YOUR TASK: Starting at the line that contains "This contemporary, oceanfront, newly-constructed, fourth" and stopping at the line that contains "Mafalda, 46 ans, toutes", restate each line of the records below exactly. Omit the pictures.
[Start of Attachment]
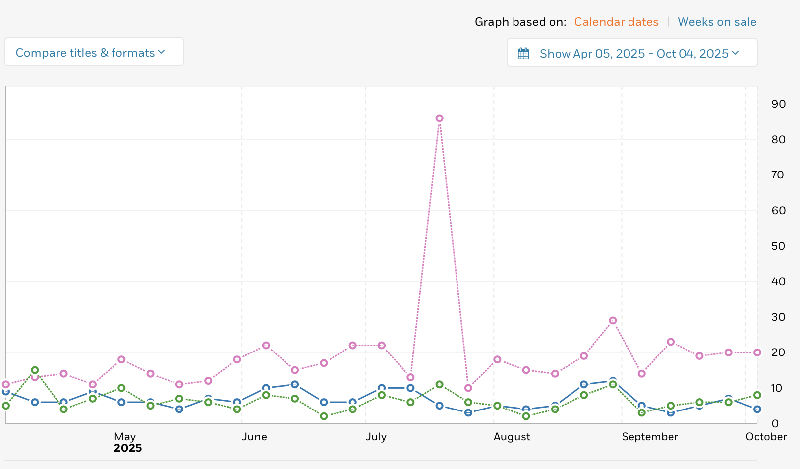 Astute math-people may notice some discrepancies with some of those numbers. For example, the royalty statement said TWDB sold 670 copies April 1 - Sept 30, 2025, whereas this graph only indicates 556 sales. There's always a bit of a gap between the portal and the royalty statement, which is the difference between point of sale tracking and shipped vs returns (at least, I'm pretty sure that's what it is).
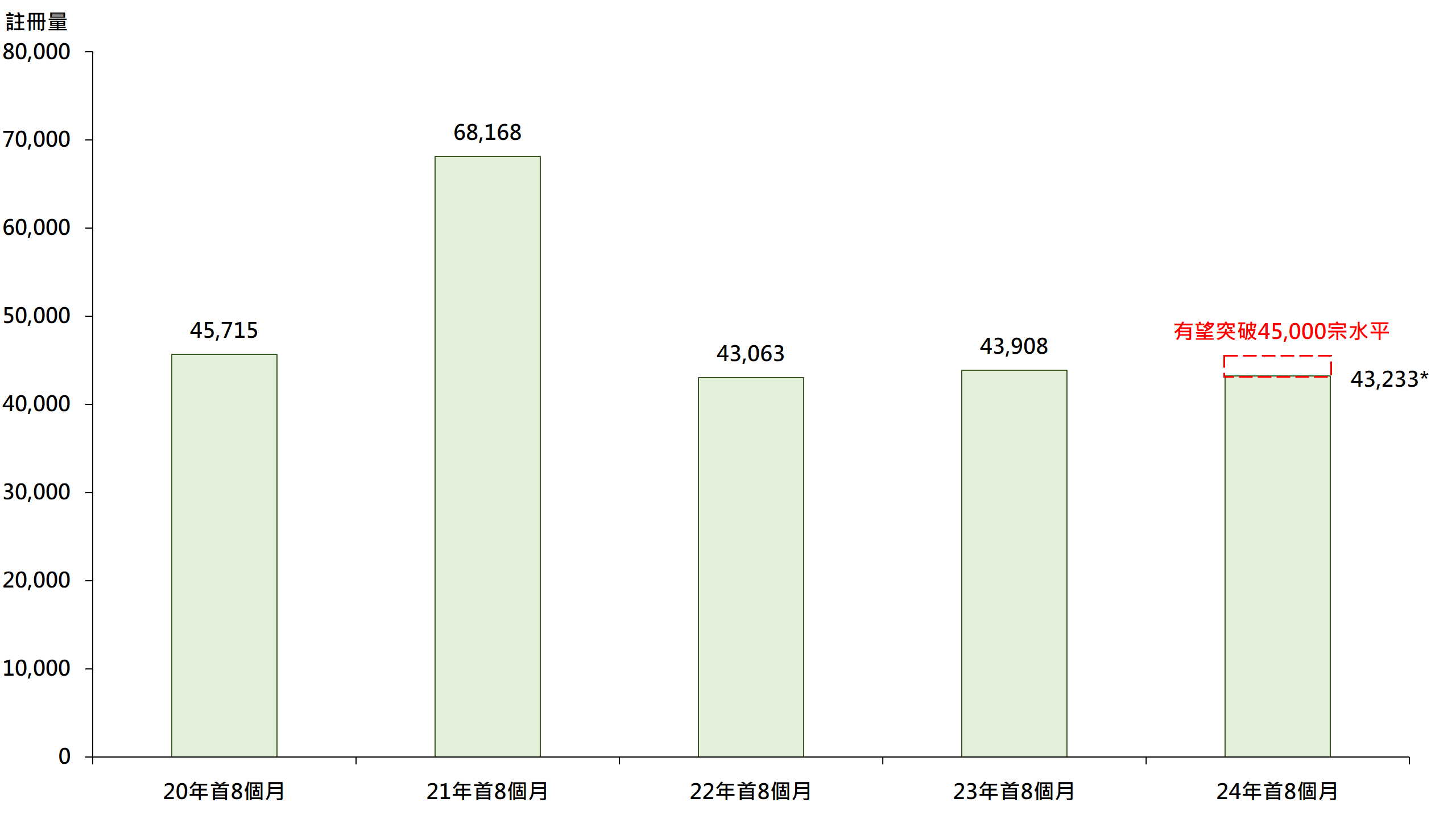 据土地注册处资料显示,本年至今(截至8月16日)整体物业(包括一手私宅及二手住宅、一手公营房屋、工商舖、纯车位及其他非住宅)录43,233宗注册,较去年同期的41,749宗增加约3.6%;若以目前注册进度推算,料今年首8个月注册量有望突破45,000宗水平,届时将创3年同期新高(见图)。
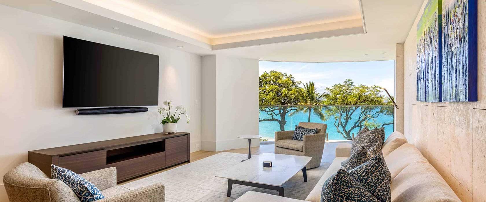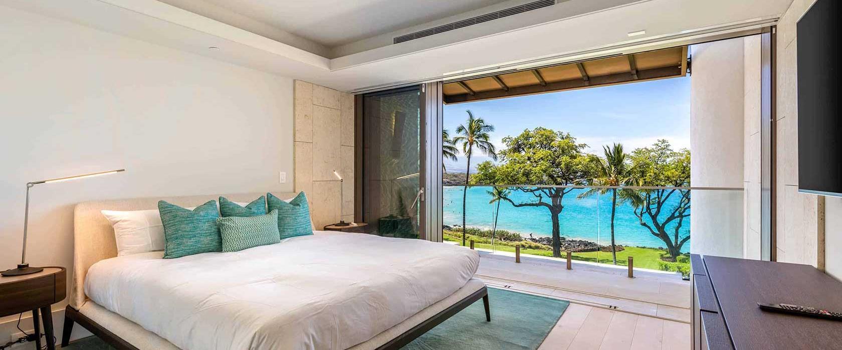This contemporary, oceanfront, newly-constructed, fourth level island masterpiece offers floor-to-ceiling sliding window walls that create indoor/outdoor living space, a chef’s kitchen outfitted with professional-grade Wolf, Sub-Zero and Miele appliances, wine storage and hand-crafted cabinetry. Additional features include one suite with a retreat-like, attached bath and sumptuous king size bed, a second guest bedroom, an Asko washer/dryer, air conditioning and furnished lanai. This residence is steps from the Hapuna Golf Course Clubhouse.
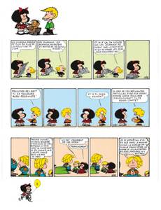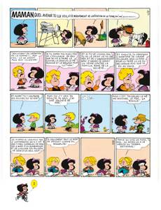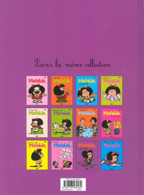Mafalda, 46 ans, toutes ses dents et toujours aussi fraîche et impertinente ! On ne présente plus Mafalda, petite fille qui découvre la vie, ses joies, ses absurdités et ses horreurs. À travers l'éveil d'un enfant, Quino nous livre sa réflexion sur le monde et sur l'étrange animal qui le peuple : l'être humain. Quino donne naissance à Mafalda en 1964, personnage contestataire et anticonformiste de 10 ans, qui fera de lui un dessinateur mondialement reconnu. Les éditions Glénat poursuivent la réédition complète de cette série emblématique avec une nouvelle maquette sans aucun doute attrayante pour toutes les générations ! Petit bonus pour les inconditionnels, bibliophiles ou collectionneurs : cette réédition des aventures de Mafalda une fois complétée avec les 12 tomes, les tranches de tous les tomes rassemblés composent un dessin décoiffant !
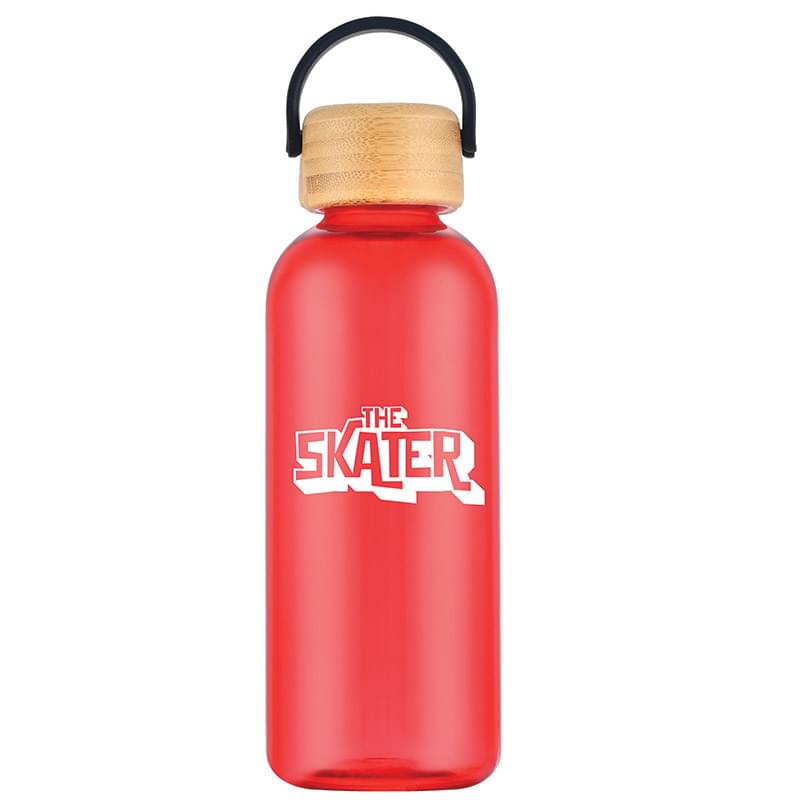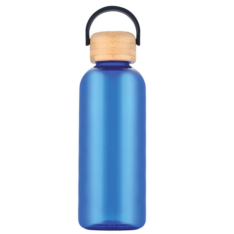 Quench your thirst while making a positive impact on the planet with our 21 oz rPET Water Bottle. This reusable bottle is made from rPET, a material created from recycled consumer plastics like single-use water bottles. Plus, its a visibly appealing bottle with its vibrant colors and natural bamboo lid with a convenient carrying loop. Hand wash recommended.
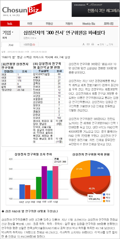 4월 17일자 조선비즈에는 삼성전자 핵심 연구를 담당하고 있는 연구위원 365명의 정보를 분석한 기사가 게재되었습니다.
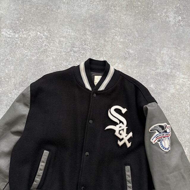 【Vintage】MLB 90s USA製 ヴィンテージ スタジャン ホワイトソックス スタジアムジャンパー バーシティジャケット 刺繍 90年代 レザー袖
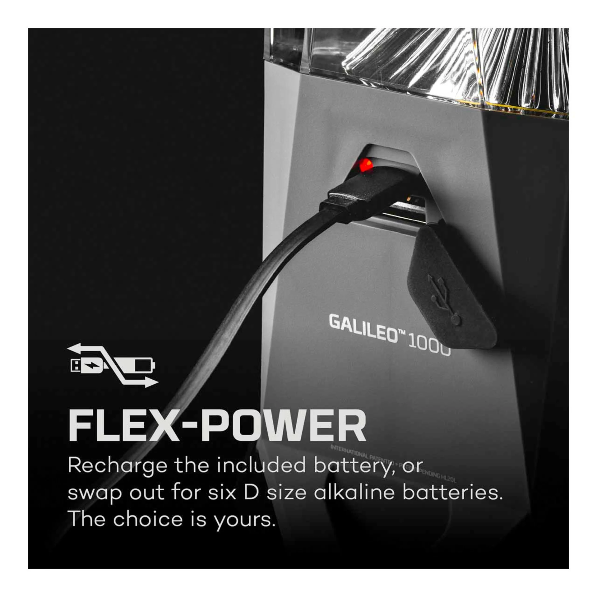 Bei der GALILEO 1000 kann Dank Flex-Power, die Laterne alternativ auch mit 6x D-Cell Batterien betrieben werden.
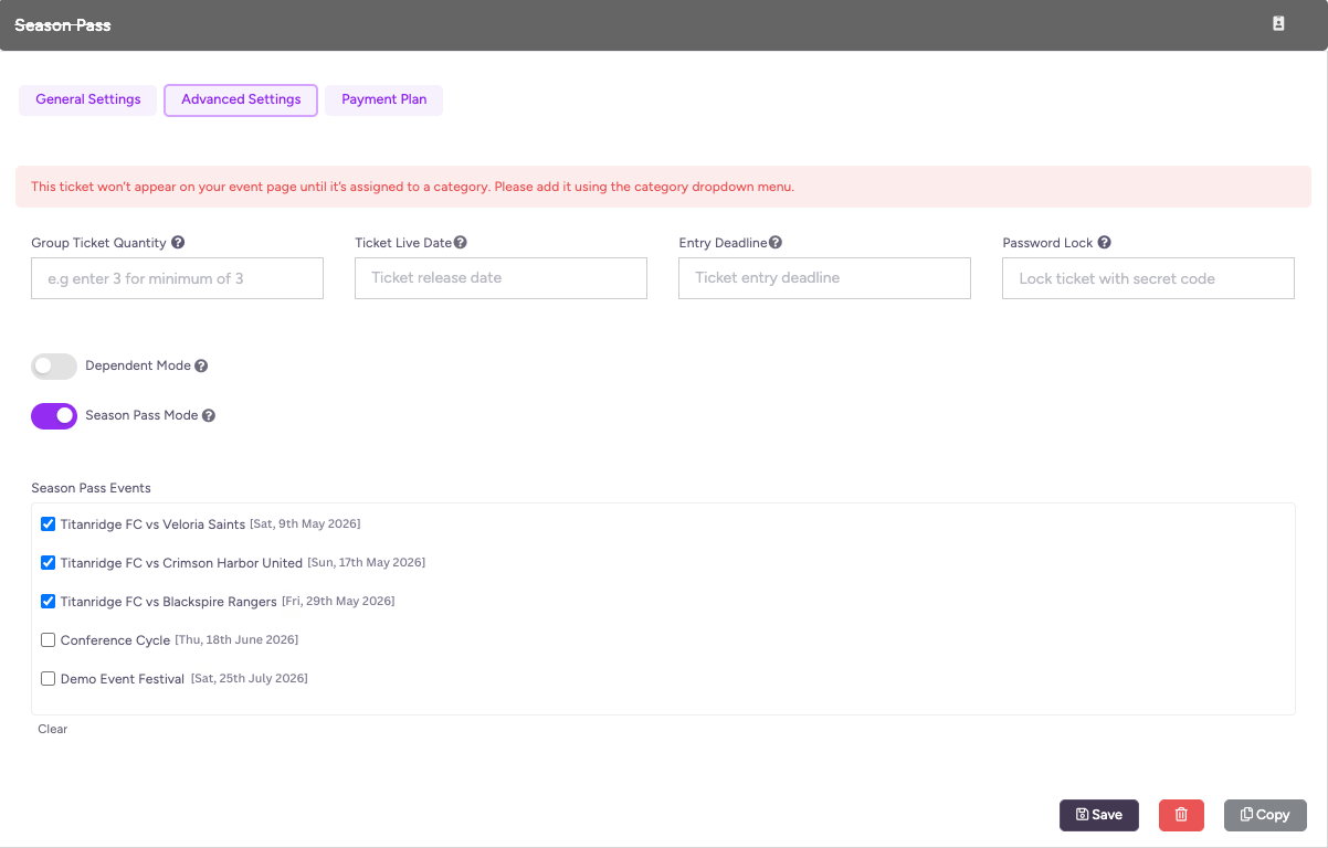 4) Click the Advanced Settings tab and toggle on Season Pass mode, then Select the events where this ticket will grant access.
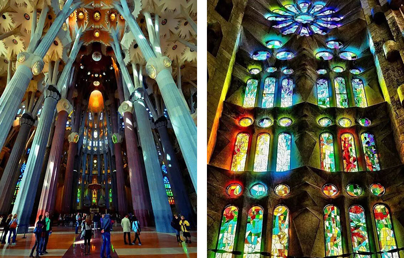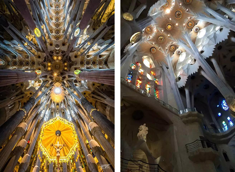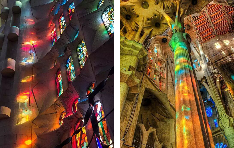 此外,高迪還巧妙地利用了光效來(lái)增強(qiáng)教堂的感染力。奇幻多變的光影效果搭配鬼斧神工般的創(chuàng)作,已經(jīng)完全突破了傳統(tǒng)的宗教建筑設(shè)計(jì)規(guī)范。
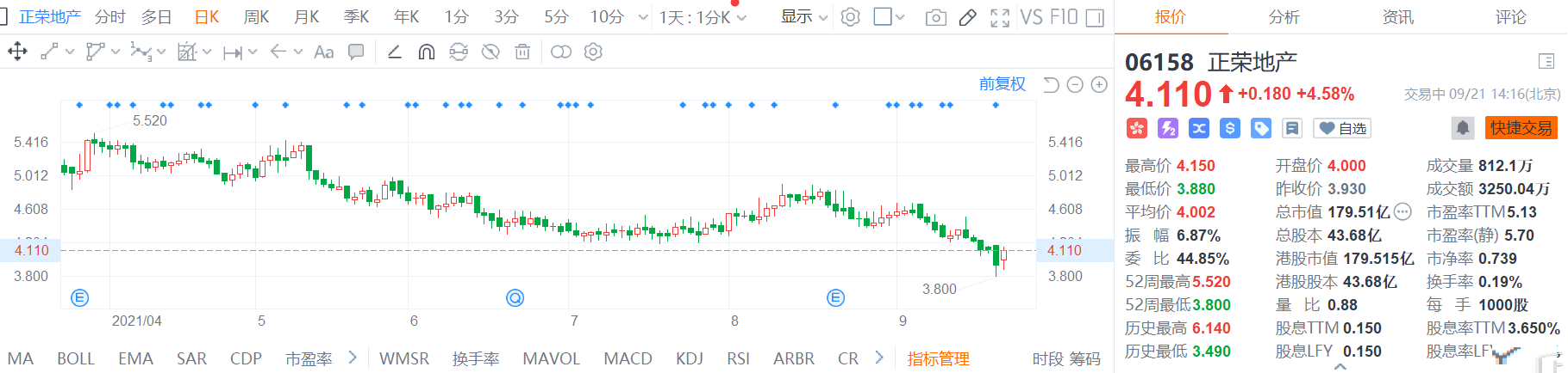 正荣地产(6158.HK)股价快速拉升,现报4.11港元,涨幅4.58%,最新总市值179.5亿港元。
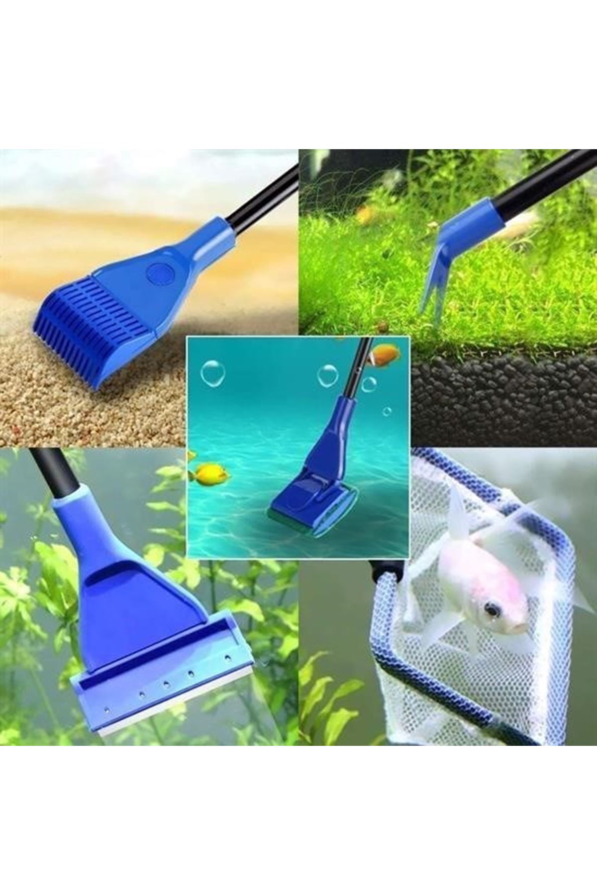 Akvaryum temizleme seti içerisindeki beş aksesuar; balık ağı, kum küreği,yosun fırçası, su otu klipsi ve akvaryum fırçası balık tankının bakım ve temizliğini kolaylaştırır
[End of Attachment]
RESULT FOR THIS EXERCISE:
This contemporary, oceanfront, newly-constructed, fourth level island masterpiece offers floor-to-ceiling sliding window walls that create indoor/outdoor living space, a chef’s kitchen outfitted with professional-grade Wolf, Sub-Zero and Miele appliances, wine storage and hand-crafted cabinetry. Additional features include one suite with a retreat-like, attached bath and sumptuous king size bed, a second guest bedroom, an Asko washer/dryer, air conditioning and furnished lanai. This residence is steps from the Hapuna Golf Course Clubhouse.
Mafalda, 46 ans, toutes ses dents et toujours aussi fraîche et impertinente ! On ne présente plus Mafalda, petite fille qui découvre la vie, ses joies, ses absurdités et ses horreurs. À travers l'éveil d'un enfant, Quino nous livre sa réflexion sur le monde et sur l'étrange animal qui le peuple : l'être humain. Quino donne naissance à Mafalda en 1964, personnage contestataire et anticonformiste de 10 ans, qui fera de lui un dessinateur mondialement reconnu. Les éditions Glénat poursuivent la réédition complète de cette série emblématique avec une nouvelle maquette sans aucun doute attrayante pour toutes les générations ! Petit bonus pour les inconditionnels, bibliophiles ou collectionneurs : cette réédition des aventures de Mafalda une fois complétée avec les 12 tomes, les tranches de tous les tomes rassemblés composent un dessin décoiffant !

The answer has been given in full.